-------- Raw data

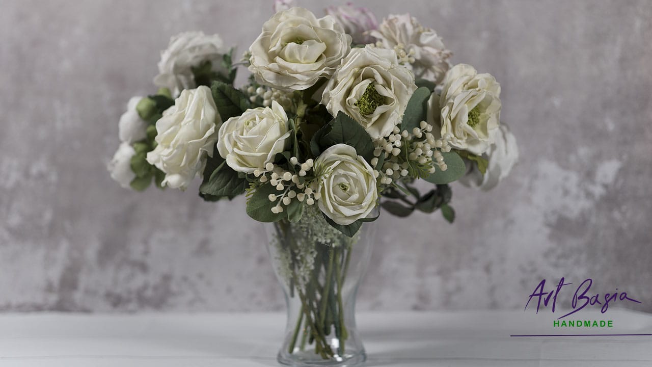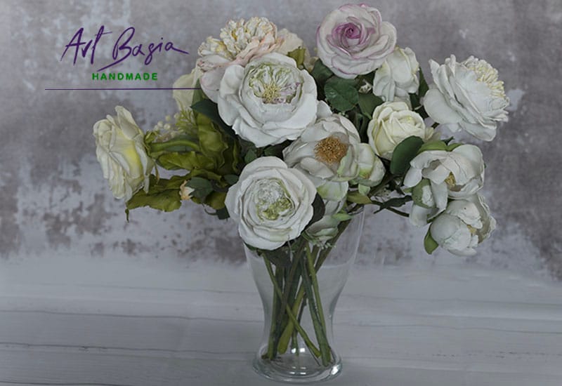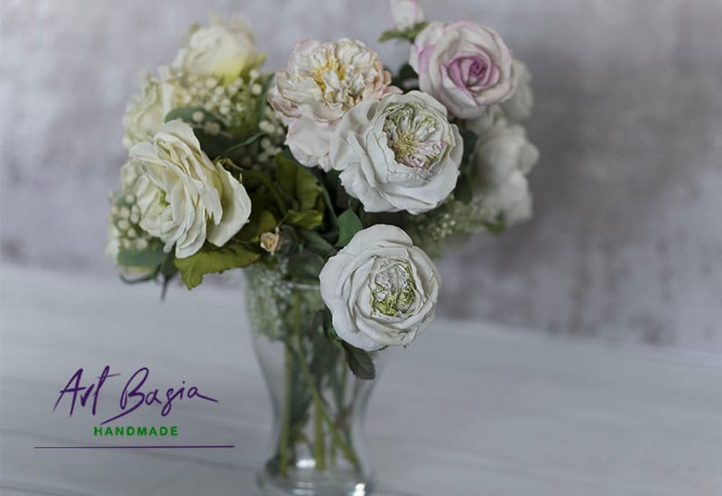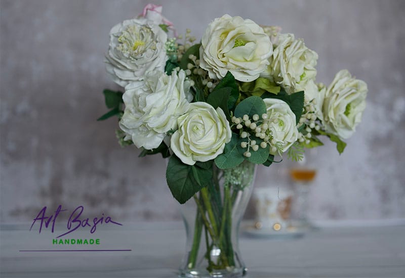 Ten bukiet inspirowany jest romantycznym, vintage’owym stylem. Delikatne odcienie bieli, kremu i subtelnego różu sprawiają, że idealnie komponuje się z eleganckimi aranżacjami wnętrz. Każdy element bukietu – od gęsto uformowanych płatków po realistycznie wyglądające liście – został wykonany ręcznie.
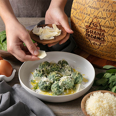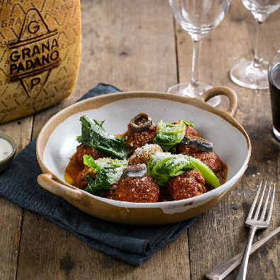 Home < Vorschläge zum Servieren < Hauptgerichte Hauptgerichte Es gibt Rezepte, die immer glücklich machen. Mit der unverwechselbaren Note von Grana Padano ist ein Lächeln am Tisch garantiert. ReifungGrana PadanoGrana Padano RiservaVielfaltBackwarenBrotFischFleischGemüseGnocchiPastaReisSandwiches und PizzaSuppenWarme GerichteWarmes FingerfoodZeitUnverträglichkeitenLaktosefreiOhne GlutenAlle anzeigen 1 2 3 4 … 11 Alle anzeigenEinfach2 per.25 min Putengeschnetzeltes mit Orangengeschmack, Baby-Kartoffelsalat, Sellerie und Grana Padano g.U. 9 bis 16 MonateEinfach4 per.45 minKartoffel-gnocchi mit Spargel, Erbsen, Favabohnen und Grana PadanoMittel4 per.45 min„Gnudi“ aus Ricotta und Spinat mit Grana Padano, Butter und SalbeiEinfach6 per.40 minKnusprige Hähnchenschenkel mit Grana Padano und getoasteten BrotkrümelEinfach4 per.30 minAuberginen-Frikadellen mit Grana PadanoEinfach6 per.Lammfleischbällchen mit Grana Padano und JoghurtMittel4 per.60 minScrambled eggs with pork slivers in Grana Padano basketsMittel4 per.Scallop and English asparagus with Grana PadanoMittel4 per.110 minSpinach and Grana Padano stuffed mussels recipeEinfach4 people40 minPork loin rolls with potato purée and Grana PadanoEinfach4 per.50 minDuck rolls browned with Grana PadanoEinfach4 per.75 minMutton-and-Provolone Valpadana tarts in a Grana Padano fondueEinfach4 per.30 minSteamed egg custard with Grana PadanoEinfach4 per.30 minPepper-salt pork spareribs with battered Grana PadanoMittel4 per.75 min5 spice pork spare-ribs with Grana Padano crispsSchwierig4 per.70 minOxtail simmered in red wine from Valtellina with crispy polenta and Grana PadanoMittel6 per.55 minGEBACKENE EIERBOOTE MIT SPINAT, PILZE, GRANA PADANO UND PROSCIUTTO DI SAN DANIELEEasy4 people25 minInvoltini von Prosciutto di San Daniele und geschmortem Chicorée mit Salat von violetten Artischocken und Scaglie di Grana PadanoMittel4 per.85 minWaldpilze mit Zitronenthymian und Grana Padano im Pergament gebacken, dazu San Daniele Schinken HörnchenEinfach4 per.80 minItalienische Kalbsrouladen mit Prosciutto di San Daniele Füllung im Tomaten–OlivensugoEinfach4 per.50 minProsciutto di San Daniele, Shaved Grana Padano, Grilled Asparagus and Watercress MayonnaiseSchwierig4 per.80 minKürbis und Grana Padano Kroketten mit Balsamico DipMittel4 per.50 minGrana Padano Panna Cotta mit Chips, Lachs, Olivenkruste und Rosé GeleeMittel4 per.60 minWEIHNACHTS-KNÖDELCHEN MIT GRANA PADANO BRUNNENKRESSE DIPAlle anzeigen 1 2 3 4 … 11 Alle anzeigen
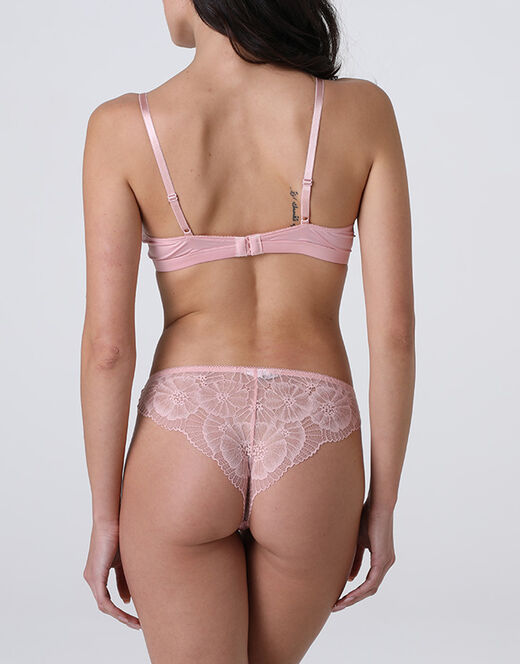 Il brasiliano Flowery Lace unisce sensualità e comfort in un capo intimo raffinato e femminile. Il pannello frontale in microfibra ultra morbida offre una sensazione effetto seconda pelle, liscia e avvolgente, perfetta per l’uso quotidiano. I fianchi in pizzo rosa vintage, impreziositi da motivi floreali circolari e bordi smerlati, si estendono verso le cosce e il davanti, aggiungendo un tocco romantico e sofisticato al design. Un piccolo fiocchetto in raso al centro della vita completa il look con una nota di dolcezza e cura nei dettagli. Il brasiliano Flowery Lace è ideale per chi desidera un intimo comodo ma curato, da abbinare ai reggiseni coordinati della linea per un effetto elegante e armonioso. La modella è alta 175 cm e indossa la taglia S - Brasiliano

----------------

Exercise brief
Output the material word for word, omitting its pictures.

Your response
 Ten bukiet inspirowany jest romantycznym, vintage’owym stylem. Delikatne odcienie bieli, kremu i subtelnego różu sprawiają, że idealnie komponuje się z eleganckimi aranżacjami wnętrz. Każdy element bukietu – od gęsto uformowanych płatków po realistycznie wyglądające liście – został wykonany ręcznie.
 Home < Vorschläge zum Servieren < Hauptgerichte Hauptgerichte Es gibt Rezepte, die immer glücklich machen. Mit der unverwechselbaren Note von Grana Padano ist ein Lächeln am Tisch garantiert. ReifungGrana PadanoGrana Padano RiservaVielfaltBackwarenBrotFischFleischGemüseGnocchiPastaReisSandwiches und PizzaSuppenWarme GerichteWarmes FingerfoodZeitUnverträglichkeitenLaktosefreiOhne GlutenAlle anzeigen 1 2 3 4 … 11 Alle anzeigenEinfach2 per.25 min Putengeschnetzeltes mit Orangengeschmack, Baby-Kartoffelsalat, Sellerie und Grana Padano g.U. 9 bis 16 MonateEinfach4 per.45 minKartoffel-gnocchi mit Spargel, Erbsen, Favabohnen und Grana PadanoMittel4 per.45 min„Gnudi“ aus Ricotta und Spinat mit Grana Padano, Butter und SalbeiEinfach6 per.40 minKnusprige Hähnchenschenkel mit Grana Padano und getoasteten BrotkrümelEinfach4 per.30 minAuberginen-Frikadellen mit Grana PadanoEinfach6 per.Lammfleischbällchen mit Grana Padano und JoghurtMittel4 per.60 minScrambled eggs with pork slivers in Grana Padano basketsMittel4 per.Scallop and English asparagus with Grana PadanoMittel4 per.110 minSpinach and Grana Padano stuffed mussels recipeEinfach4 people40 minPork loin rolls with potato purée and Grana PadanoEinfach4 per.50 minDuck rolls browned with Grana PadanoEinfach4 per.75 minMutton-and-Provolone Valpadana tarts in a Grana Padano fondueEinfach4 per.30 minSteamed egg custard with Grana PadanoEinfach4 per.30 minPepper-salt pork spareribs with battered Grana PadanoMittel4 per.75 min5 spice pork spare-ribs with Grana Padano crispsSchwierig4 per.70 minOxtail simmered in red wine from Valtellina with crispy polenta and Grana PadanoMittel6 per.55 minGEBACKENE EIERBOOTE MIT SPINAT, PILZE, GRANA PADANO UND PROSCIUTTO DI SAN DANIELEEasy4 people25 minInvoltini von Prosciutto di San Daniele und geschmortem Chicorée mit Salat von violetten Artischocken und Scaglie di Grana PadanoMittel4 per.85 minWaldpilze mit Zitronenthymian und Grana Padano im Pergament gebacken, dazu San Daniele Schinken HörnchenEinfach4 per.80 minItalienische Kalbsrouladen mit Prosciutto di San Daniele Füllung im Tomaten–OlivensugoEinfach4 per.50 minProsciutto di San Daniele, Shaved Grana Padano, Grilled Asparagus and Watercress MayonnaiseSchwierig4 per.80 minKürbis und Grana Padano Kroketten mit Balsamico DipMittel4 per.50 minGrana Padano Panna Cotta mit Chips, Lachs, Olivenkruste und Rosé GeleeMittel4 per.60 minWEIHNACHTS-KNÖDELCHEN MIT GRANA PADANO BRUNNENKRESSE DIPAlle anzeigen 1 2 3 4 … 11 Alle anzeigen
 Il brasiliano Flowery Lace unisce sensualità e comfort in un capo intimo raffinato e femminile. Il pannello frontale in microfibra ultra morbida offre una sensazione effetto seconda pelle, liscia e avvolgente, perfetta per l’uso quotidiano. I fianchi in pizzo rosa vintage, impreziositi da motivi floreali circolari e bordi smerlati, si estendono verso le cosce e il davanti, aggiungendo un tocco romantico e sofisticato al design. Un piccolo fiocchetto in raso al centro della vita completa il look con una nota di dolcezza e cura nei dettagli. Il brasiliano Flowery Lace è ideale per chi desidera un intimo comodo ma curato, da abbinare ai reggiseni coordinati della linea per un effetto elegante e armonioso. La modella è alta 175 cm e indossa la taglia S - Brasiliano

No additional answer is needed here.